More public companies reveal millions in small-business loans.

In the past two days, more than 90 publicly traded companies have disclosed receiving $240 million in forgivable loans from the Paycheck Protection Program, the fund intended for small businesses with limited access to finance. Since the beginning of the month, some 250 publicly traded businesses have said that they received more than $1 billion from the rescue program, stoking anger among mom-and-pop firms struggling to tap the funds.

AutoNation, the largest car retailer in the United States, borrowed $77 million, which it had not disclosed in filings. It said over the weekend that it was returning the funds, and would have announced the loans in its next regularly scheduled financing filing.
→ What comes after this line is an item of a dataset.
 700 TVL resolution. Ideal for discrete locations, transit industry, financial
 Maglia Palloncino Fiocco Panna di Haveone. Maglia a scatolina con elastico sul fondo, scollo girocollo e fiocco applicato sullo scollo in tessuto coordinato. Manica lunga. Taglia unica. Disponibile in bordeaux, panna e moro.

Some companies that promptly disclosed loans are now disclosing that they are returning them, too. The telecom group IDT reported a $10 million loan on Friday, but released another filing on Monday saying that it would return the money “to make those funds available to other borrowers that may be in greater need.”
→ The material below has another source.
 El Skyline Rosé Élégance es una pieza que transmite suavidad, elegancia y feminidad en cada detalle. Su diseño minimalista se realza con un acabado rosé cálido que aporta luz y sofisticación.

Another group isn’t yet sure what to do: The communications firm Aviat Networks disclosed on Monday that it had received almost $6 million in a loan, but is “evaluating new guidance” about whether to keep it.

When the University of California, San Francisco, was running perilously low on personal protective equipment, the university’s chancellor called Marc Benioff, the hyperconnected billionaire who is a founder and the chief executive of Salesforce.

The relative ease with which Salesforce acquired so much protective gear stands in sharp contrast to the often chaotic government efforts to secure it. And while the national stockpile of supplies has been depleted, Mr. Benioff and his team simply called their business partners in China and started writing checks.

Once it was apparent that the Salesforce team could obtain and deliver supplies, they took steps to formalize their efforts and set a lofty target.

By March 29, 10 days after the chancellor called Mr. Benioff, Salesforce had found more than 50 million pieces of protective equipment, with millions already delivered.